Professor Carl Gombrich, Programme Director for UCL’s new interdisciplinary course, Arts and Sciences (BASc), approached Wikimedia UK early this year to talk about his interest in using a Wikimedia element in the Approaches to Knowledge module of the degree.

This semester, the course began and 150 students are now working on creating chapters for an Open Educational Resources book which will be constructed by the students on Wikibooks, and then published by UCL Press, the Open Access publishing journal that UCL has recently established.

After initially discussing the use of Wikipedia itself as the basis for the course, it was decided that it would be hard to assess the contributions of a large number of students using Wikipedia. Contributions are more likely to get deleted, and the students would likely be looking at improving only a small number of quite core Wikipedia pages related to epistemology. So it was decided to have them collaboratively create a book together on Wikibooks, so that students could still gain an insight into how open source platforms like the Wikimedia projects, function.

UCL is interested in what working with Wikimedia projects can teach students in terms of research and academic skills, and the media literacy which comes with a deeper understanding of the guidelines for Wikimedia projects.
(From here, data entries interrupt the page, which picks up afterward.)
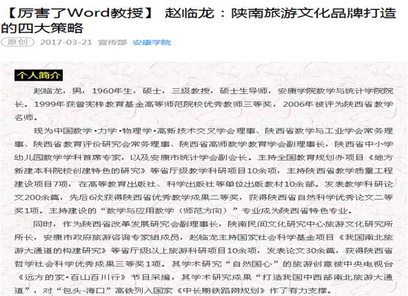 2017年3月21日,安康学院微信发布《赵临龙:陕南旅游文化品牌打造的四大策略》文章,,这是继《中国科技新闻网》(http://www.zgkjxww.com/whys/1482808090.html)刊发《赵临龙:慧眼识珠,致力打造陕南旅游文化品牌》(2016-12-27 11:06),又一次刊发赵临龙教授关于陕南旅游文化品牌打造的思考文章,标志“陕南旅游文化品牌打造的策略”引起媒体注意。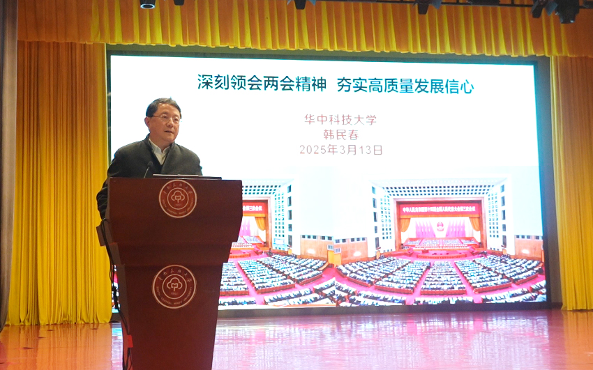第十四屆全國政協(xié)委員、民建湖北省委會副主委、華中科技大學(xué)經(jīng)濟學(xué)院教授韓民春傳達學(xué)習(xí)了全國政協(xié)十四屆三次會議主要精神,重點圍繞習(xí)近平總書記在看望參加政協(xié)會議的民盟、民進、教育界委員時的重要講話精神進行了專題講解,梳理了《政府工作報告》中明確的2025年十大重點任務(wù),并結(jié)合自己歷年提案情況分享了參會的所見、所感、所悟。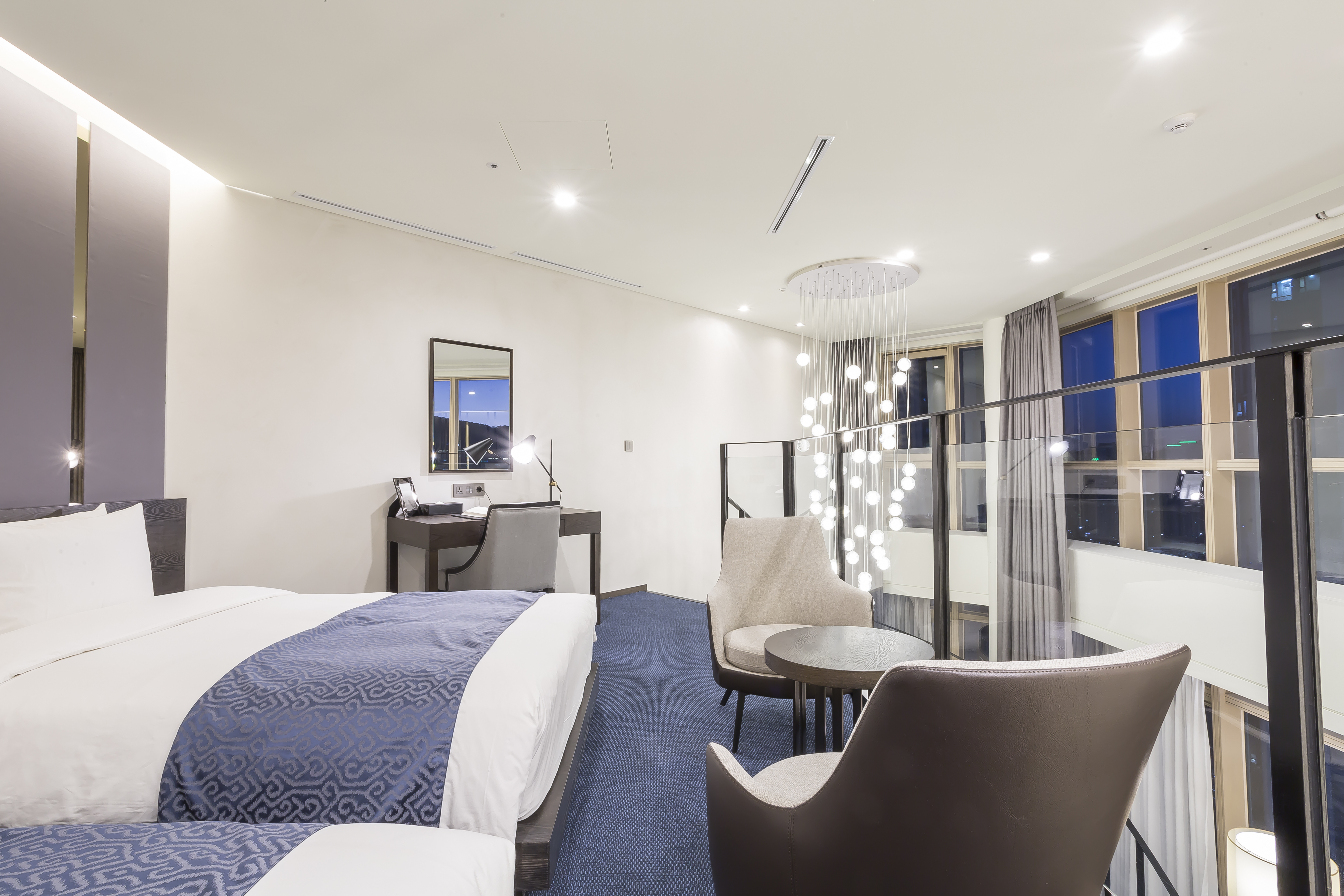 프리미어 스위트복층 구조인 프리미어 스위트는 킹사이즈 더블베드 하나, 세미 더블베드 하나로 구성되어 있으며, 최상의 룸 컨디션으로 여러분의 여행에 편안함과 안락함을 제공합니다.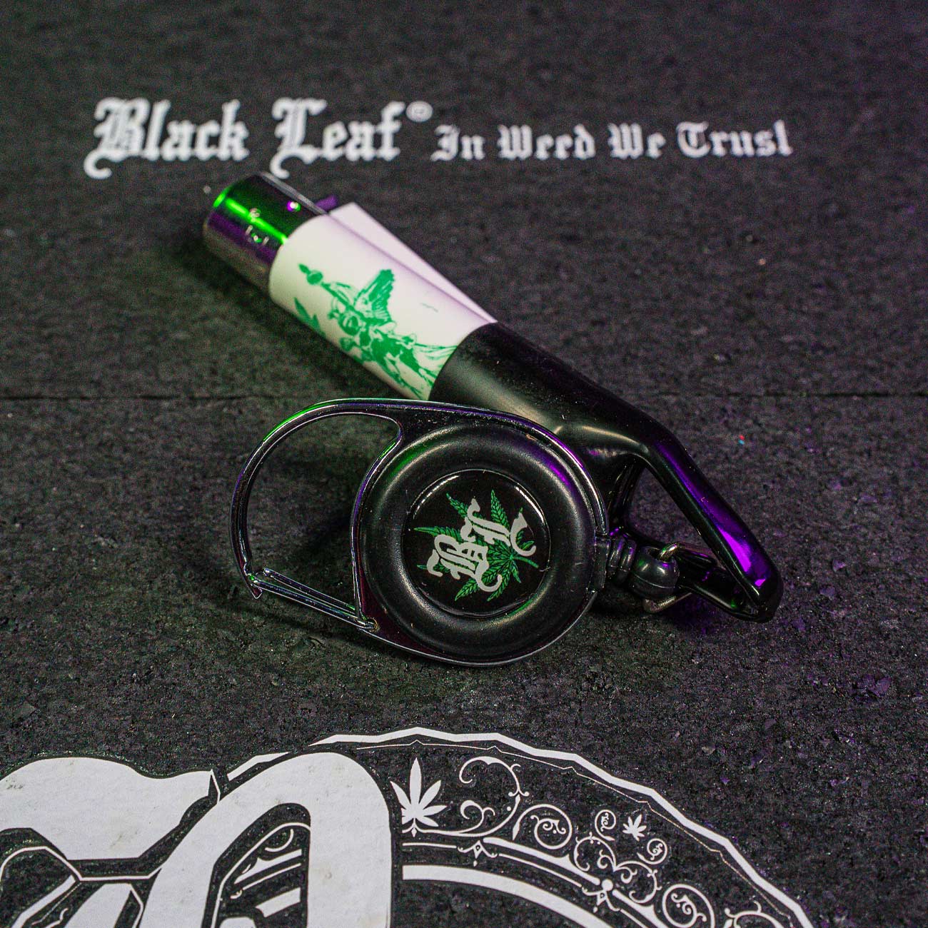 Never be without a lighter again - stylish holder for lighters with two clip options and a long cord like a ski pass holder - for greater freedom of movement. This way, you never have to let go of the lighter! With a cool Black Leaf® logo.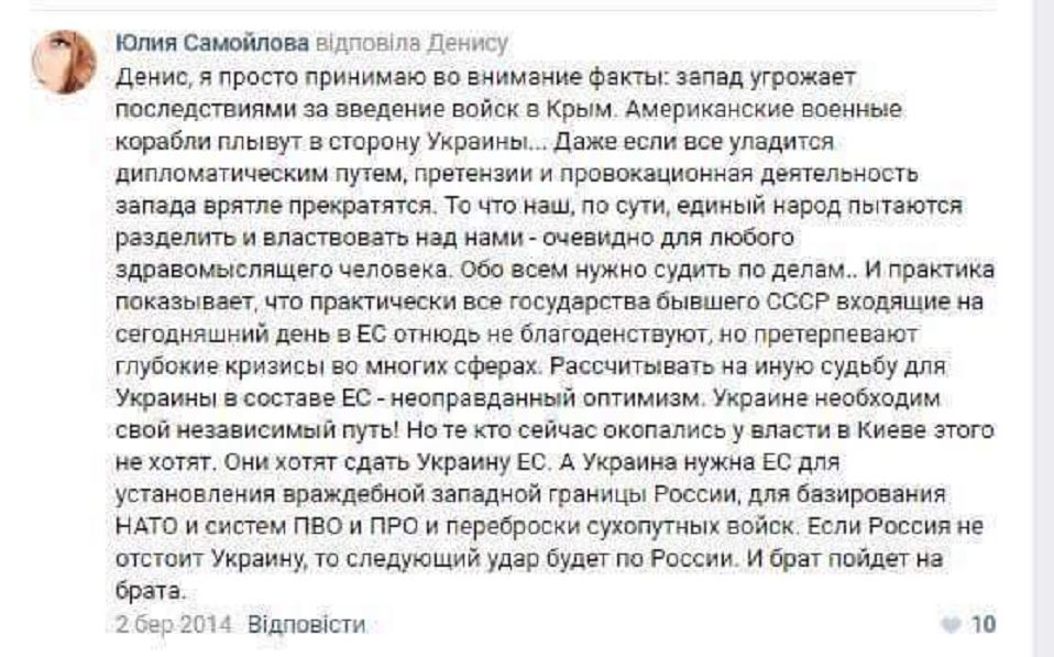В базе сайта Миротворец Самойлова еще с 2016 года — за посещение оккупированного Крыма не через админграницу Украины и открытую поддержку аннексии. В досье также приведен скриншот ее заявлений.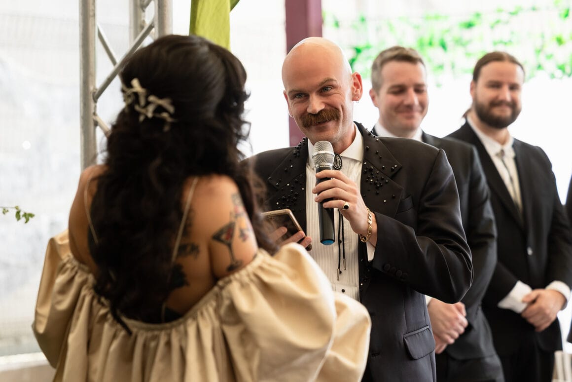 “I don’t know how I could pick one… I think maybe that first moment of coming out and seeing everyone there and Alex waiting for me. That gives me so much joy as just that image in my head. Also Alex’s vows. He isn’t big on the words but his vows were incredible. We actually had a rule about no phones out. But my mother being my mother, ignored it and did a sneaky one and filmed his vows, and I am so glad she did. I watch them all the time.”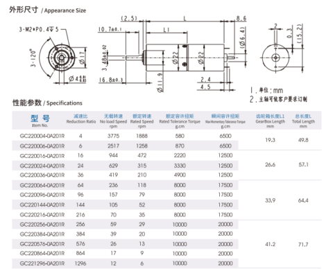 - 外徑 φ22 減速比1/4-1/1296 定格容許扭力(N.m)0.06-0.98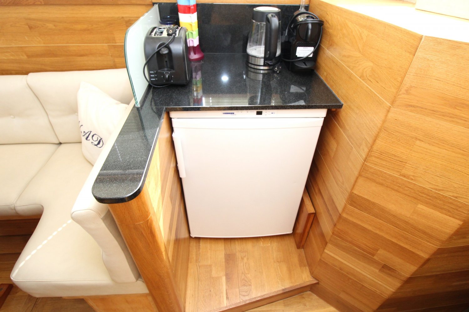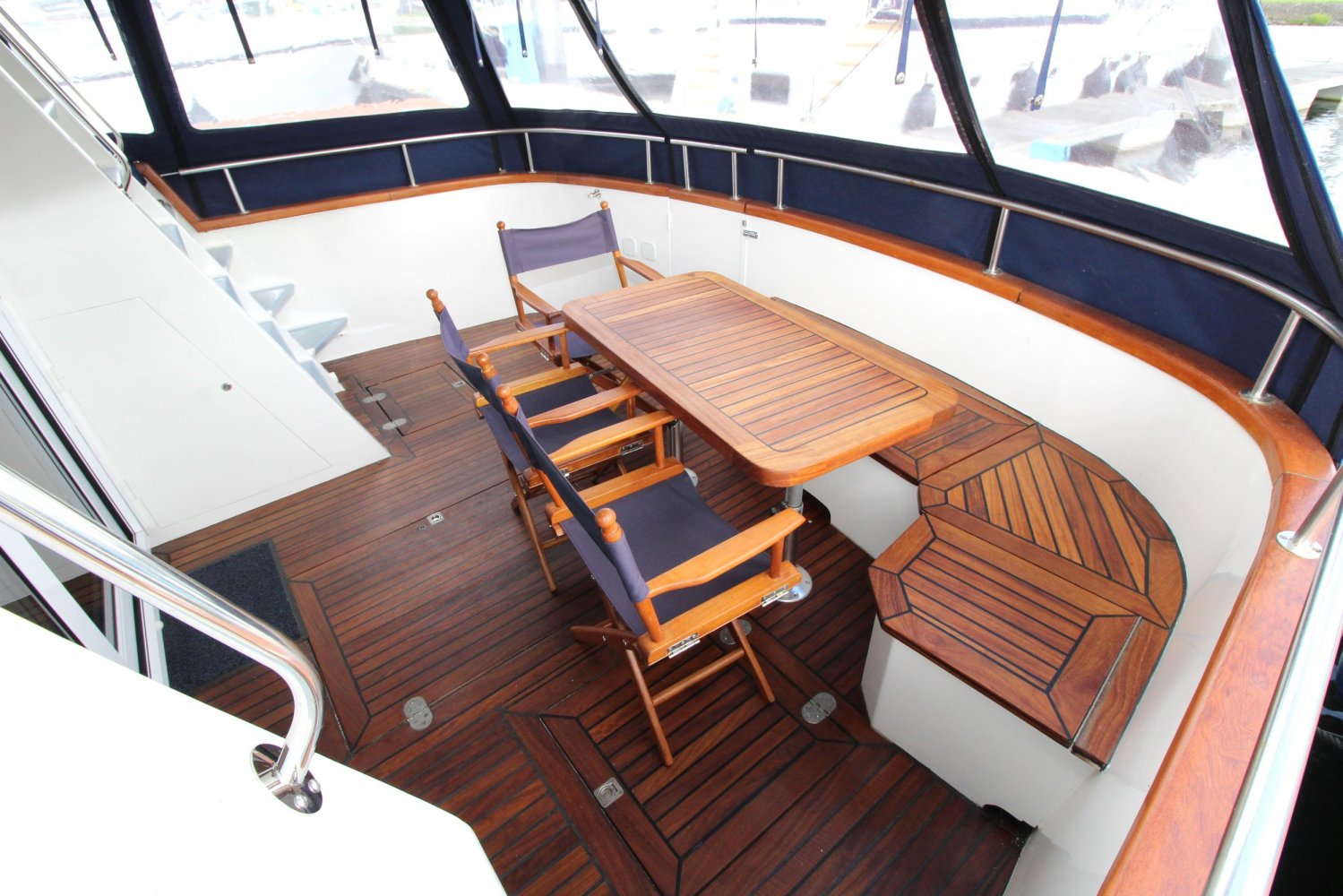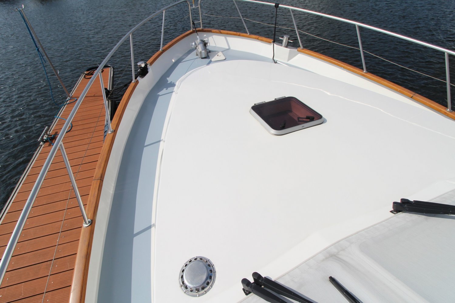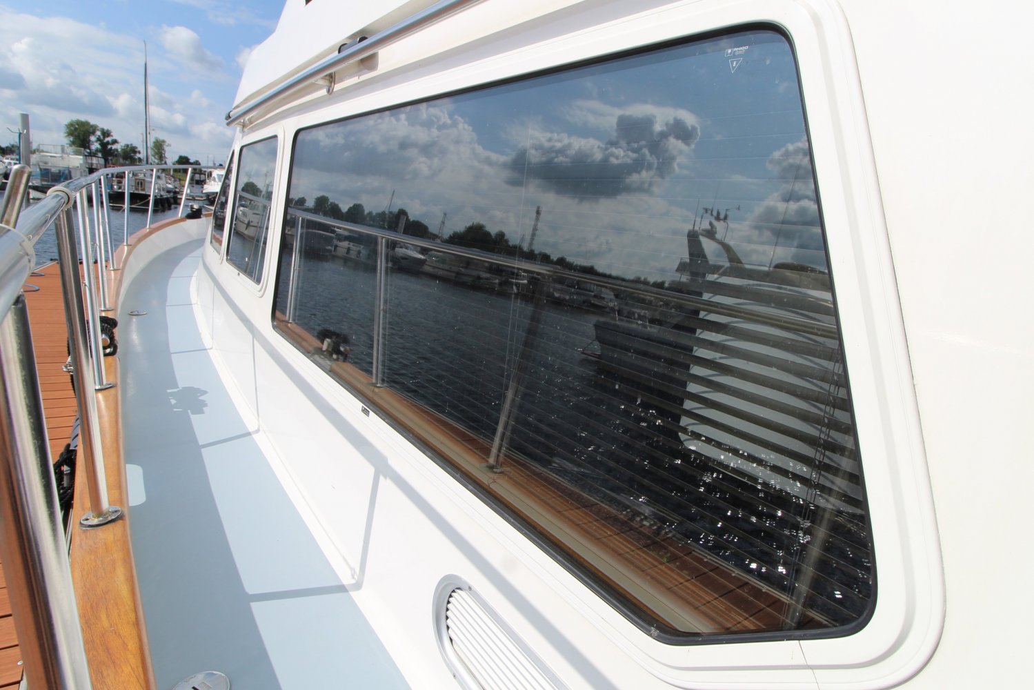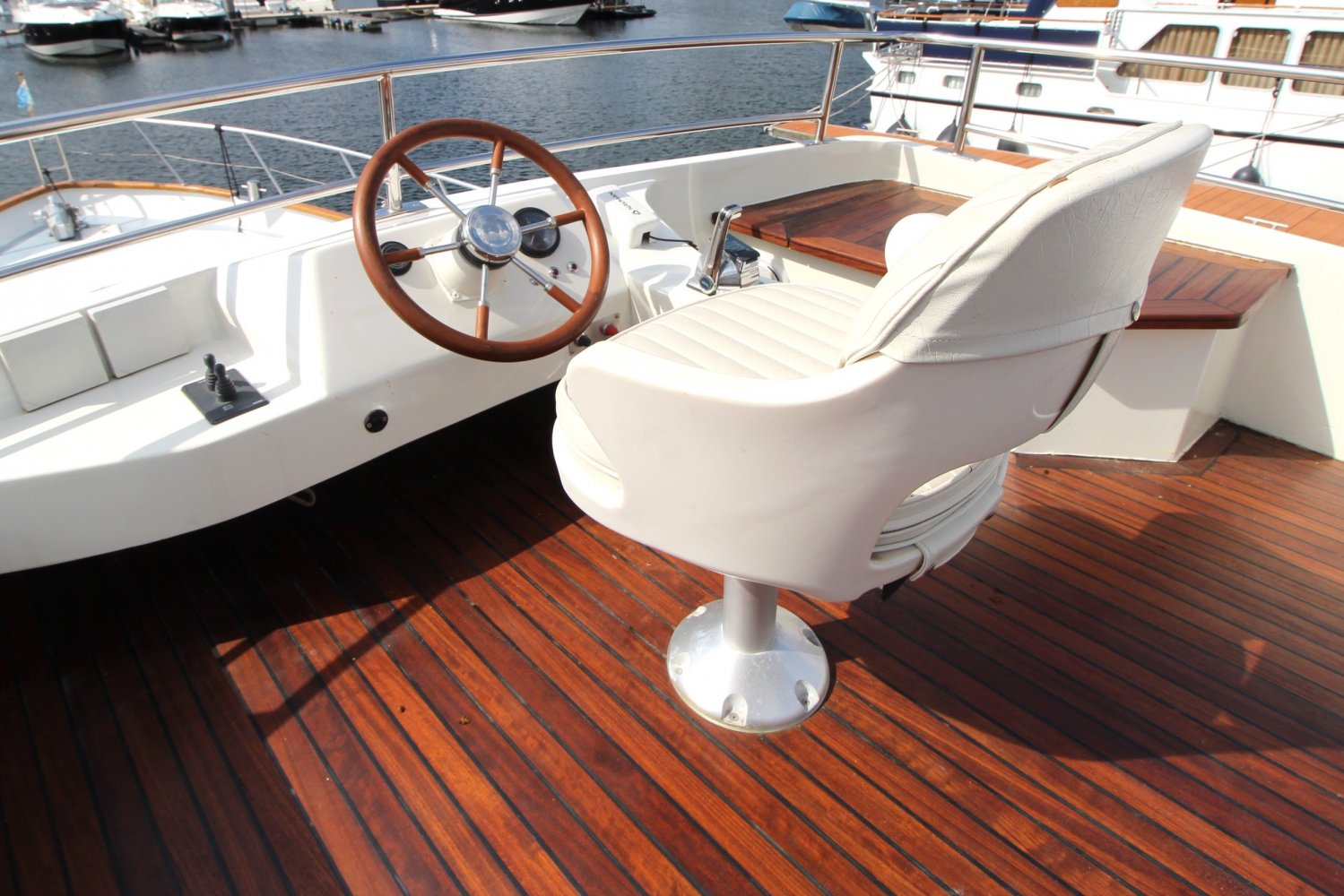 Vanaf de grote flybridge heeft u een schitterend uitzicht op uw omgeving en het vaarwater. Naast een stuurstand is deze voorzien van diverse banken om te kunnen genieten van het zonnetje. Door haar lage doorvaarthoogte staat u een groot vaargebied tot uw beschikking. De Franse kanalen bijvoorbeeld, behoren tot één van de vele mogelijkheden. Ook grote rivieren en open wateren zijn geen probleem voor de 120 PK sterke dieselmotor, dankzij de boeg- en hekschroef manoeuvreert dit motorjacht zeer eenvoudig. Kortom deze Bruce Roberts 1200 Fly heeft alles aan boord voor een aangenaam verblijf op het water en om mooie reizen te maken.

They also liked the idea of being able to make a textbook and the meta-approach of people creating knowledge about knowledge.

Dr Richard Nevell has been helping as a volunteer, and Wikimedian Katie Chan held a training session for staff on Wikipedia and Wikibooks before the course began. Hannah Evans gave an opening lecture for the course before an initial workshop where students got into teams to decide what subject area they would work on.

The groups could choose from:

The groups will write chapters of 1200 words. These will all go on Wikibooks, and the best ones will be collected into a book which will also be published by UCL Press, the UCL Open Access repository. The project will also tie into a UCL education conference on April 1, 2019, where students will be presenting about the work they are doing.